__Input data__
---

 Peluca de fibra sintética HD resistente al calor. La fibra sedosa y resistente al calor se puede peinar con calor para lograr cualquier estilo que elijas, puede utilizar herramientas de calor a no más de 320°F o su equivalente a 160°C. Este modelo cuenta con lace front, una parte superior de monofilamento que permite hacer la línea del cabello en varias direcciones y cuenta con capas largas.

---

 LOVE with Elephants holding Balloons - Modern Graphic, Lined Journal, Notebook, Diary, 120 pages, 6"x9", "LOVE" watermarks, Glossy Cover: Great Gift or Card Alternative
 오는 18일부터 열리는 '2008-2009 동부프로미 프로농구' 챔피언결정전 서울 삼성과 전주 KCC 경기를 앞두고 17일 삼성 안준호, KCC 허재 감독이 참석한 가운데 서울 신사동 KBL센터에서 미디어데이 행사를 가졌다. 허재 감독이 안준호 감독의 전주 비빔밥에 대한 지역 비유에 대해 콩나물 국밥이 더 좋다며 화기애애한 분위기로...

---

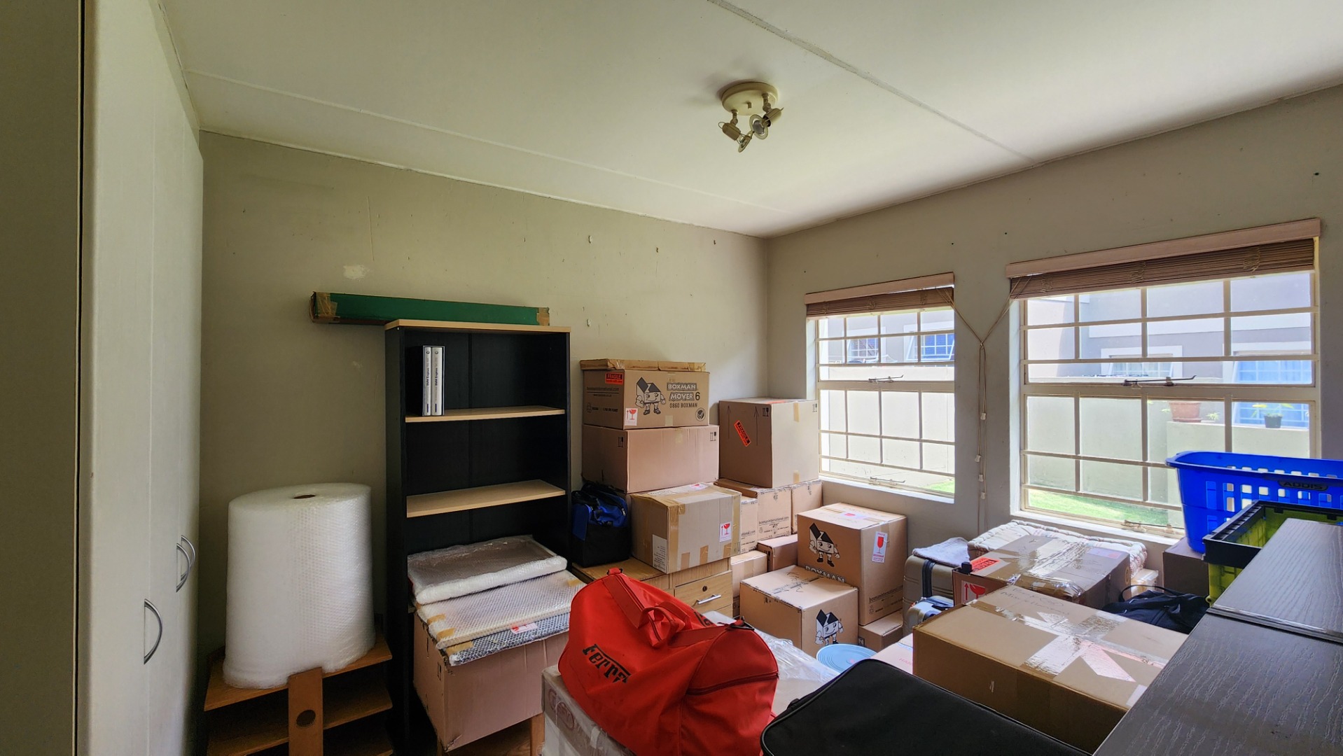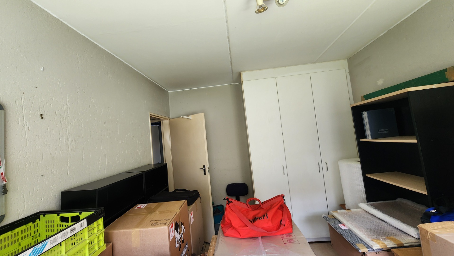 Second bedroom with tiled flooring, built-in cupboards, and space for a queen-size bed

---

__Prompt__
One stretch of the lines above is wanted, from the line that contains "LOVE with Elephants" through the line that contains "오는 18일부터 열리는". Output it exactly.

__Solution for this task__
 LOVE with Elephants holding Balloons - Modern Graphic, Lined Journal, Notebook, Diary, 120 pages, 6"x9", "LOVE" watermarks, Glossy Cover: Great Gift or Card Alternative
 오는 18일부터 열리는 '2008-2009 동부프로미 프로농구' 챔피언결정전 서울 삼성과 전주 KCC 경기를 앞두고 17일 삼성 안준호, KCC 허재 감독이 참석한 가운데 서울 신사동 KBL센터에서 미디어데이 행사를 가졌다. 허재 감독이 안준호 감독의 전주 비빔밥에 대한 지역 비유에 대해 콩나물 국밥이 더 좋다며 화기애애한 분위기로...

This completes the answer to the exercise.